La Magnifique Society

Chronique live. Reims.
La Cartonnerie, Parc de Champagne, 24 juin 2022

par | 29 Juin 2022 | concerts

La Magnifique Society 2022

24 juin, Reims. La Magnifique fait société et PointBreak plonge les dents en avant. Dans le viseur, 3 noms célébrés dans les playlists et les pages du mag. 1 Madone, 1 légende et 1 quartet carré. Hors ligne éditoriale, une invitée pendulaire s’invitera entre deux sets. Courtney Barnett, pilier-relève de la country-noise, fille légitime du trouble Chrissie Hynde-Patti Smith-Neil Young, crush indiscutable de la soirée du festival. Volubile, racée, efficace. Les dents en avant, on vous dit.

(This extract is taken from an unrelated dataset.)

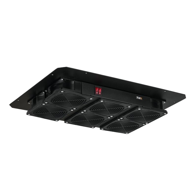 Вентиляторный блок предназначен для принудительного охлаждения активного оборудования, установленного в телекоммуникационном шкафу, путем отвода теплых воздушных масс из внутреннего объем шкафа. Блок устанавливается в специальные ниши на крыше или в основании напольных шкафов TLK и совместимы с сериями TFE, TFL, TFR, TFA. При этом шкафы глубиной (600 мм) предусматривают только верхнее размещение вентиляторного блока.
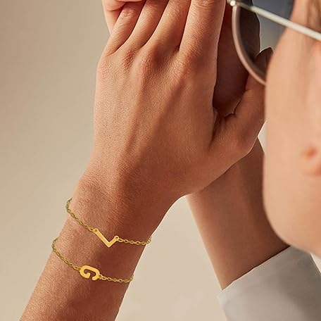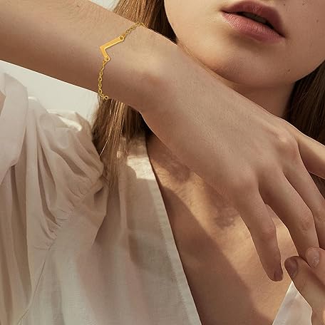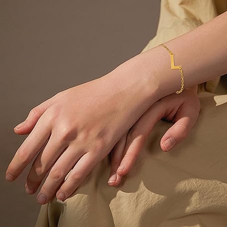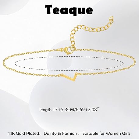 Thông tin sản phẩm Teaque Women's Gold Bracelet, 14k Gold Initials Bracelet with Letters, Dainty Gold Bracelet, Women's Bracelets, Personalised Bracelet, Women's Gifts, Fashion Jewellery for Women, Girls, Teenagers

Plus tôt, en ouverture des 3 jours de cette Magnifique Society 2022, c’est une autre fille qui prend le flow. Emma-Jean Thackray, version quartet amputé du sousaphone sweet and sour de Ben Kelly. Dommage. La basse électrique, jamais en reste pour deux bémols et trois bécarres, remplace le soufflant et le set s’en trouve moins rond mais assuré d’un rebond. Redoutable. EJT, attifée en Run-DMC 2.0, en profite pour pousser encore plus ses embrouilles d’écoutes. Hip hop, free jazz, groove impénitent et tentations R’n’B. On verse dans le sunshine groove, dans le paradoxe lumineux. Lumineux, c’est joli pour un combo venus des bords de la Tamise. Dougal Taylor, aux drums, joue toujours aussi serré et heurté, parfait pour le Blue beat. Aux Rhodes, Lyle Barton sert une touche toujours aussi blue morose, parfait pour le break beat. Puis la tête du quarté gagnant, EJT herself, Madone tout juste assise sur ce mélange ascensionnel, au sens mystique du mot. Chamanique, vertical et transcendé. On monte aussi, bouche ouverte, on aura sauvé quelques dents du crash. 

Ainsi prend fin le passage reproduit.